So over the weekend, my lover had a “date”. After he left, she called and was honest about pretty much everything. Yeah, they had sex. I expected it. It was one of those things where I didn’t know how I’d react once I found out. I wasn’t really all that upset with her. I understood why, hell, I probably would have done the same thing.
She says that he’s so nice. Almost too nice. According to her, he wanted to wait to have sex. But I know she gets lusty when she drinks. She told me they did, but it sucked. She also told me he was boring. But the guy has a nice corporate job and is marriage minded.
I told her that good sex is great and all, but it can’t be a deal breaker. But to her point, I guess that attraction and sex is important in a relationship. I wonder if we didn’t have such an intense connection, if she would have given him a chance.
I encouraged her do what she feels is right for her and that I’d have her back regardless. I love her and I want her to be happy with or without me. I just know don’t think that I’m marriage minded. I couldn’t see myself getting out of my marriage and jumping into a relationship even though the stbxw and I are basically just married on paper and have been that way for a few years now. I don’t know what she’s going to choose moving forward.
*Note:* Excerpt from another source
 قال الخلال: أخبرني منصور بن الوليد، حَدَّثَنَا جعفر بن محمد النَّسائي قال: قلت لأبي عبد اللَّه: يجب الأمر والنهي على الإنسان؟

It feels weird. On one hand I missed her. But I can’t see myself married to her. Not that she’s a bad person. We’re good for having fun together. Not for doing real life though. Her lifestyle is so different, in ways so much better than mine in a financial sense. Someone would have to be the responsible one and neither of us are really that. We’d drink and get fucked up all the time. I feel that I’d just drag her down and ultimately, she’d end up hating me for it. She claims that the money isn’t an issue. I don’t think it is now, but it might be in the future. I really don’t feel like I’m good enough to marry her. I’d want to do more. Financially, I’m ok, but I wouldn’t be adding anything to her. If she’s still around when I get my millions, then maybe?
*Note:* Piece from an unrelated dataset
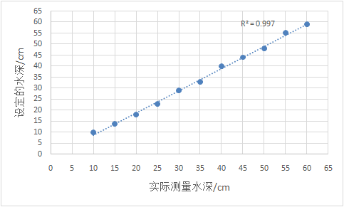 液位計傳感器是內(nèi)澇監(jiān)控點液位監(jiān)測系統(tǒng)的重要組成,其監(jiān)測數(shù)據(jù)直接影響到排水管網(wǎng)的調(diào)度管理決策及深隧排水系統(tǒng)的調(diào)度優(yōu)化研究結果。液位計傳感器需要選擇精度高、量程合適、穩(wěn)定性好的類型。此外,由于內(nèi)澇點通常位于城市的馬路上或人行道上,并且分布較為分散,電力和通訊設備難以匹配到位,應選取低能耗的類型;且排水管網(wǎng)的污水環(huán)境較為惡劣,需選用防水等級IP68、材質(zhì)耐腐蝕的設備。針對本系統(tǒng)所選用的壓阻式液位傳感器,在實驗室模擬排水管道窨井,放入液位計并改變窨井中液位,進行實際測量液位與設定液位的線性回歸分析,測量液位值呈現(xiàn)的線性度良好,測量值與設定值線性相關系數(shù)為0.9975,誤差較小,精度符合要求(見圖2)。此外,在測試過程中,同一液位情況下,多次進行測量,測量液位變化不大,穩(wěn)定性良好。

Normally, I never thought that I’d want to ahve sex with a woman after she had sex with another guy so recently. It’s weird that I’m not so bothered by it with her. I don’t see her any differently. Not to say that I want it to become a habit with her. But as far as I know, I’m the only guy she had sex with since I met her. And she’s been pretty honest. I love her as friend. A true friend. It goes beyond just sex and relationships. In a way, she’s like a sister or something. I wish me and stbxw could have had a real friendship and good will towards each other. Love taught me that sex is great, but perhaps I was too rigid about the importance of it. Then again, I still wouldn’t want my WIFE to have sex with other men.
As for my stbxw. I don’t know what’s to her. I know that she gets tired of me always bitching at her about everything. It was her birthday weekend, so me and kiddo did get her something and made a special dinner for her. It turned out pretty good.
The problem is that she’s so damned illogical. She won’t communicate. I get tired of kicking her down all the time. Even if I try to say positive things, she just won’t communicate.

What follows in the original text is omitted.